18 killed, 200 missing in Himalayan avalanche

World

Published: 2021-02-08 16:34

Last Updated: 2024-04-30 23:55


Photo: The Independent
Photo: The Independent

 

It was confirmed that 18 people were killed Monday and 200 others were missing after an avalanche in the Himalayas caused a river to flood, inundating two power stations and eroding bridges and roads.

"There was a cloud of dust as the water gushed out. The ground shook like an earthquake," Om Agarwal, a resident of the area, told Indian TV.

On Monday, the state government of Uttarakhand announced that 18 bodies had been found, and Prime Minister Trivandra Singh Rawat said at least 200 people were still missing.

Most of the missing were working in the two power plants. Some were stuck in two tunnels blocked by floods, mud and rocks.

Rawat told reporters, "If this accident happened in the evening, after the end of working hours, the situation would not have been this bad because the workers at the two sites and their surroundings would have been at home."

Pius Rotella, a disaster management official, told AFP that 12 people were rescued from one of the tunnels on Sunday, but 25 to 35 others were still trapped in the second tunnel.

As the main road washed away, rescuers had to use ropes to reach the entrance. Also, emergency workers were using heavy machinery to remove tons of rocks.

"An area of up to 80 meters inside the tunnel has been cleared. It looks like there are still about 100 meters of debris that needs to be cleared," said Vivek Kumar Pandey, another disaster management official.
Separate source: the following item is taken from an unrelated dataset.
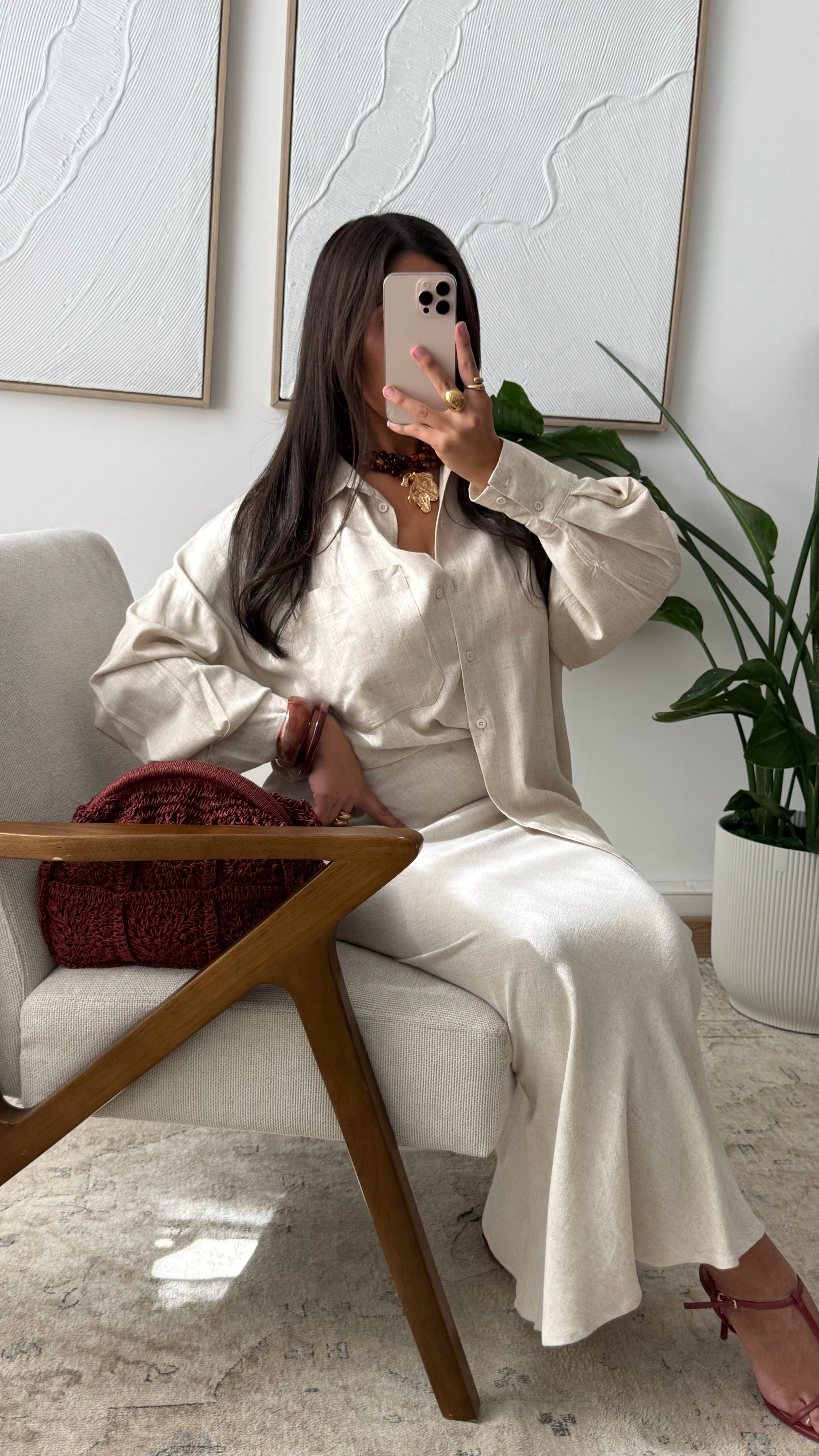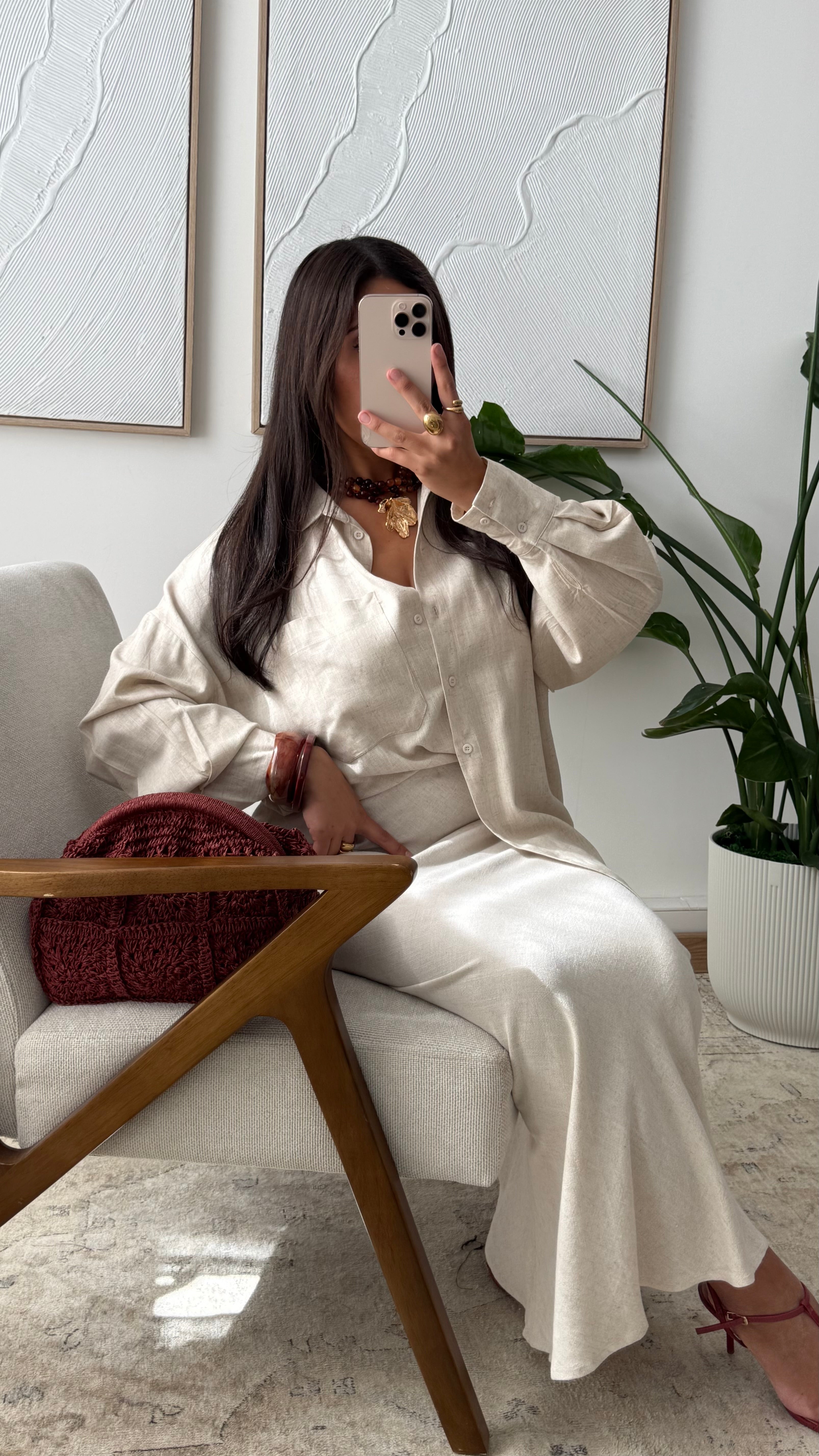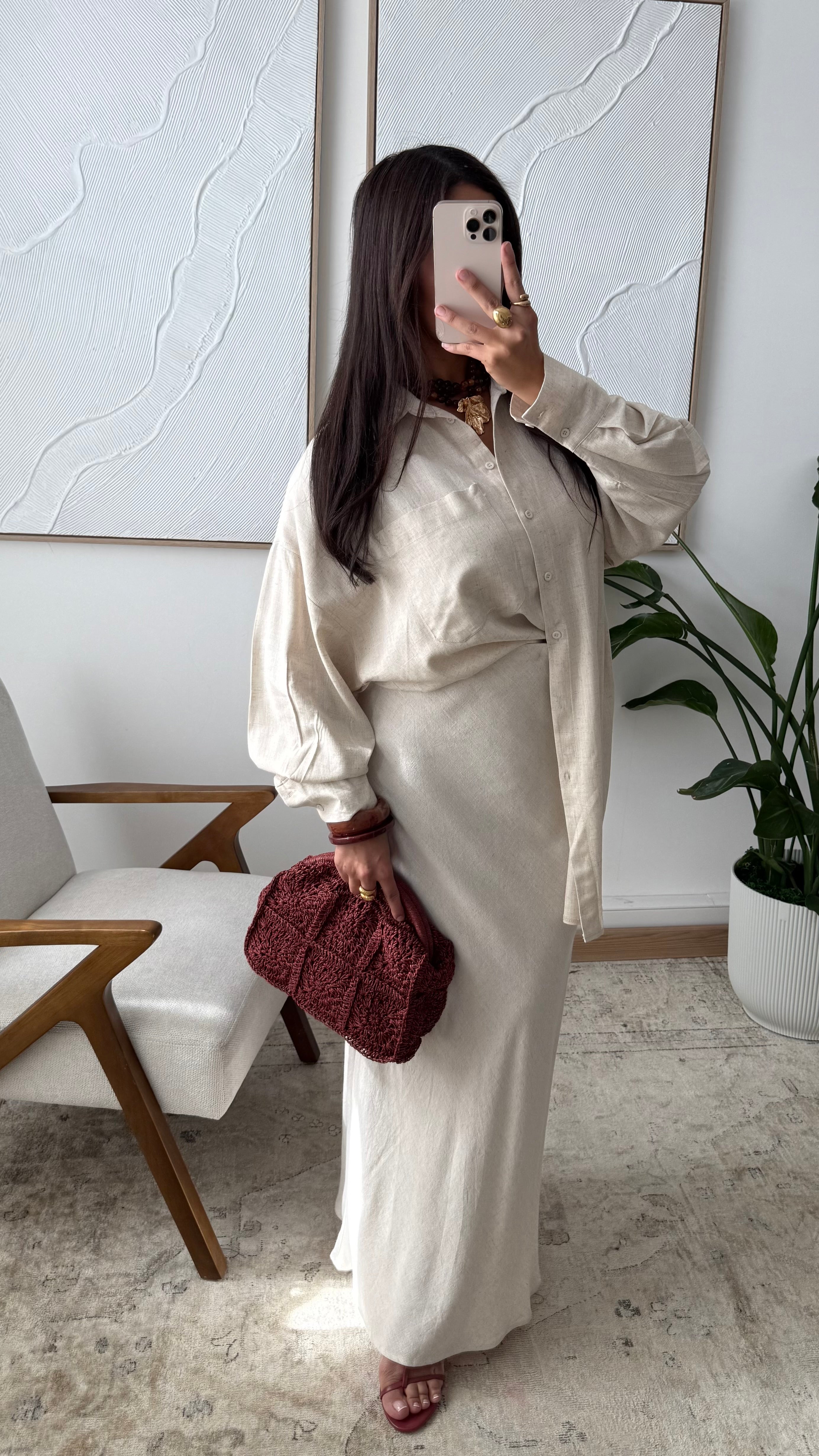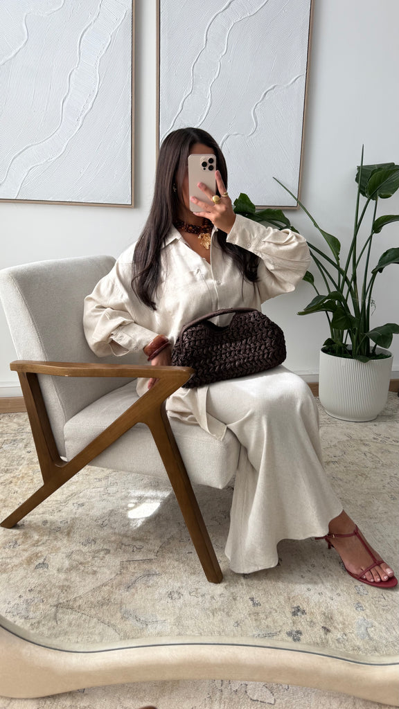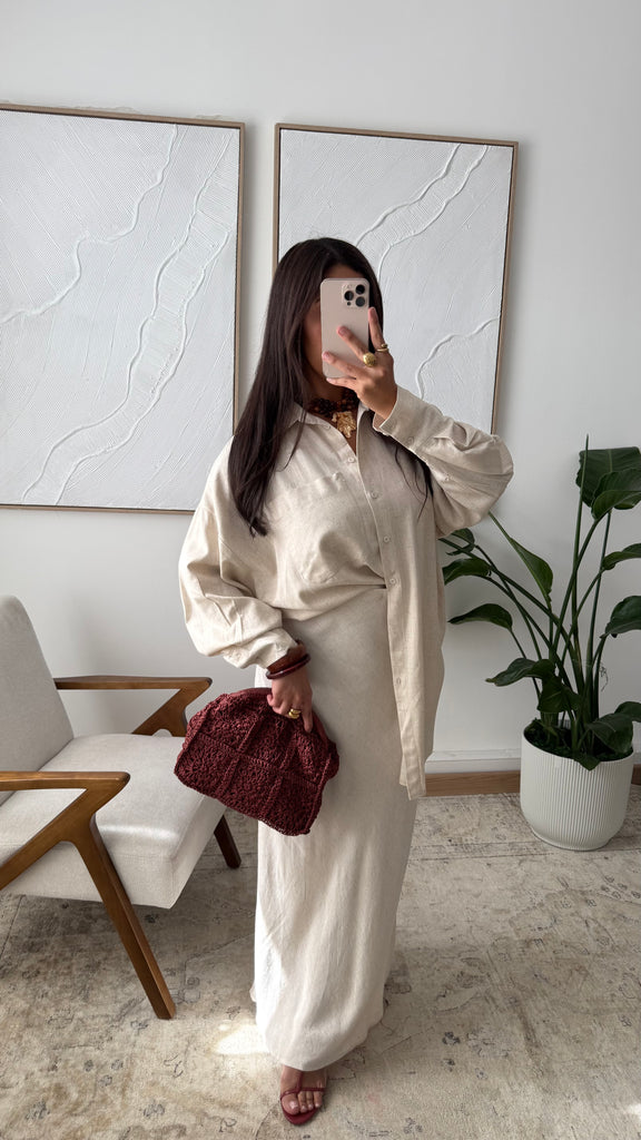Jupe droite en lin FYRAM 0968 I Beige sable

Hundreds of rescue workers resumed the search early Monday, including disaster response teams, the army and marine diving teams.

Dozens of mobile phone videos that were circulated on social media showed a massive flow of water through a narrow valley below the power plant, destroying roads and bridges.

"We were working 300 meters inside the tunnel," said Rajesh Kumar, 28, a survivor of the accident.

"Suddenly we heard whistling and screaming officials asking us to get out."

"We started running to try to get out, but the water poured in. It was like scenes from a Hollywood movie. We thought we would not survive," he told AFP.

Authorities initially said that the cause of the accident was the breakage of an ice mass in a river, but the cause may be a phenomenon called Lake Glacier Explosive Flood (GLF).

In recent years, glaciers in the region have been shrinking at a rapid pace due to climate change, but experts say building hydroelectric power plants could also be a factor.

In 2013, devastating monsoon floods in the state killed 6,000 people and led to calls for a review of development projects in Uttarakhand, which has a population of 10 million and is located on the borders of Tibet and Nepal.

Vimlindo Jha, who founded the Soisha Group, an environmental non-governmental organization, said the disaster is a "sad reminder" of the effects of climate change and the "unbalanced growth of roads, railways and power stations in environmentally fragile areas."

A study in 2019 showed that two-thirds of the world's Himalayan glaciers, the "third pole," could melt by the year 2100 if global emissions were not sharply reduced.

The region's glaciers are an important source of water for hundreds of millions of people, and they feed many of the world's most important river systems.